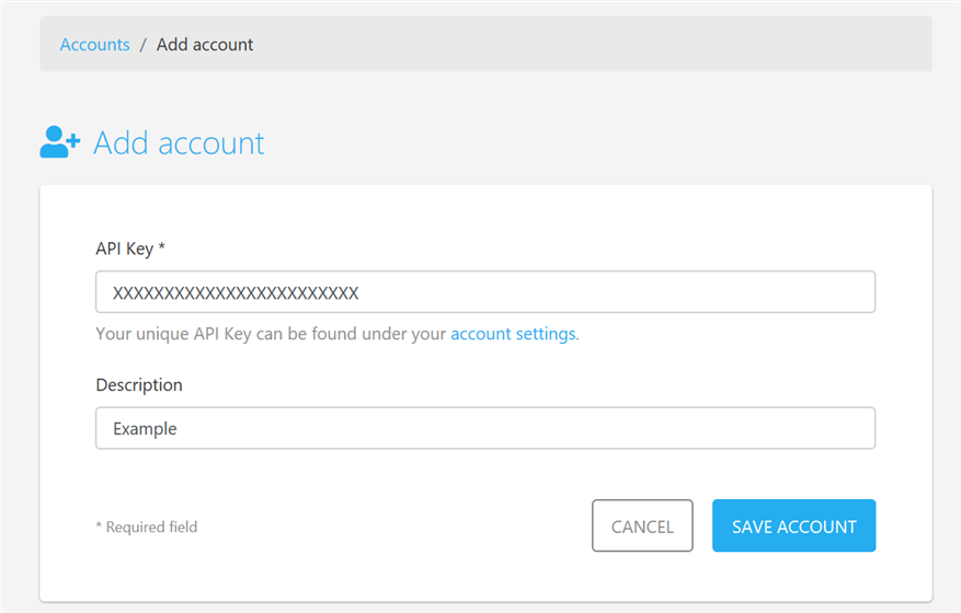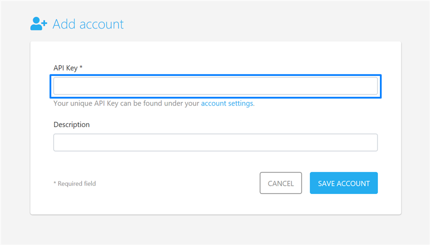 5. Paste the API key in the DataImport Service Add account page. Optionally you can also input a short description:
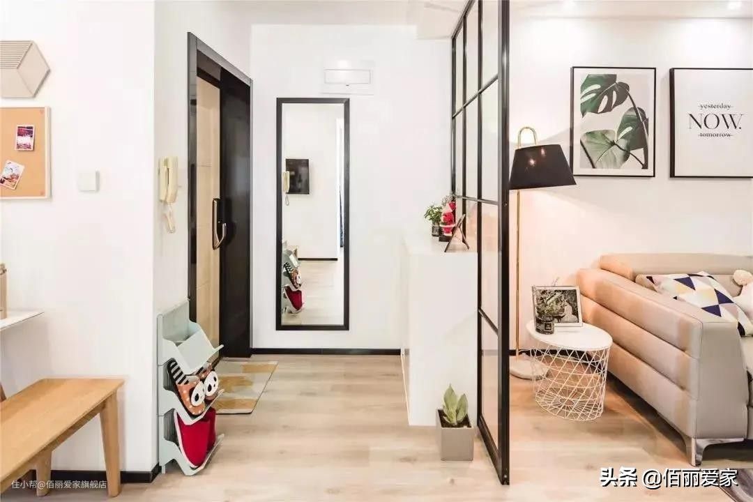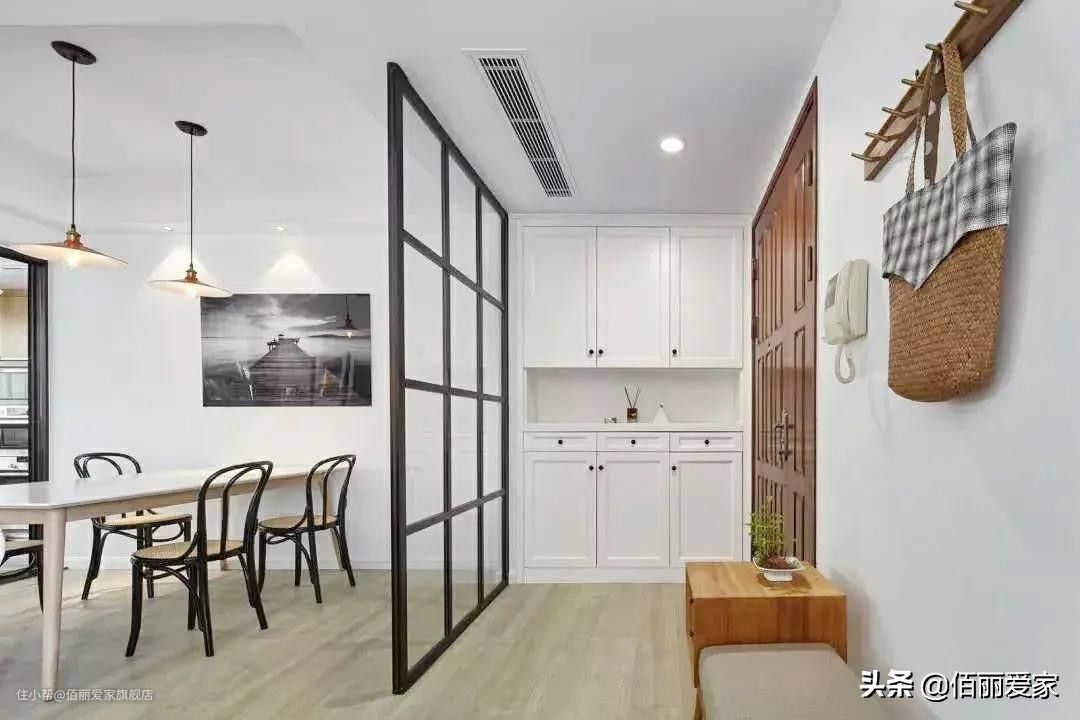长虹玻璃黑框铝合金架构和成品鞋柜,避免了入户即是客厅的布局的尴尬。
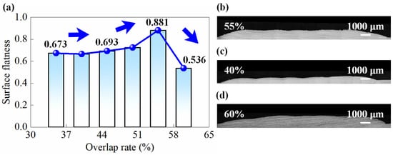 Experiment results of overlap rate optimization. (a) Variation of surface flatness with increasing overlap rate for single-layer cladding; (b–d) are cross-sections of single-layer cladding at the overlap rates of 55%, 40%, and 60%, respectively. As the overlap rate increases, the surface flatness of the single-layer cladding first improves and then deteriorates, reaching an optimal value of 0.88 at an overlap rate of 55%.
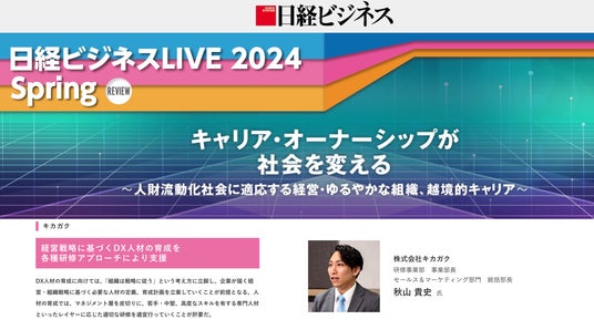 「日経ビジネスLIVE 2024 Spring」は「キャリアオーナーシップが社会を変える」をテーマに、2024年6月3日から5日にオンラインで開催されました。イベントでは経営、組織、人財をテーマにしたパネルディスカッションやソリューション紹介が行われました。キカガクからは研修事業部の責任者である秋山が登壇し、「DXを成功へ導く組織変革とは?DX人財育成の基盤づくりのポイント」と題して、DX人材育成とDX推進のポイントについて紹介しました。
____________
• _PROBLEM DETAILS_
Every line of the data above is to be repeated exactly; the images are to be left out.

• _THE ANSWER_
 5. Paste the API key in the DataImport Service Add account page. Optionally you can also input a short description:
长虹玻璃黑框铝合金架构和成品鞋柜,避免了入户即是客厅的布局的尴尬。
 Experiment results of overlap rate optimization. (a) Variation of surface flatness with increasing overlap rate for single-layer cladding; (b–d) are cross-sections of single-layer cladding at the overlap rates of 55%, 40%, and 60%, respectively. As the overlap rate increases, the surface flatness of the single-layer cladding first improves and then deteriorates, reaching an optimal value of 0.88 at an overlap rate of 55%.
 「日経ビジネスLIVE 2024 Spring」は「キャリアオーナーシップが社会を変える」をテーマに、2024年6月3日から5日にオンラインで開催されました。イベントでは経営、組織、人財をテーマにしたパネルディスカッションやソリューション紹介が行われました。キカガクからは研修事業部の責任者である秋山が登壇し、「DXを成功へ導く組織変革とは?DX人財育成の基盤づくりのポイント」と題して、DX人材育成とDX推進のポイントについて紹介しました。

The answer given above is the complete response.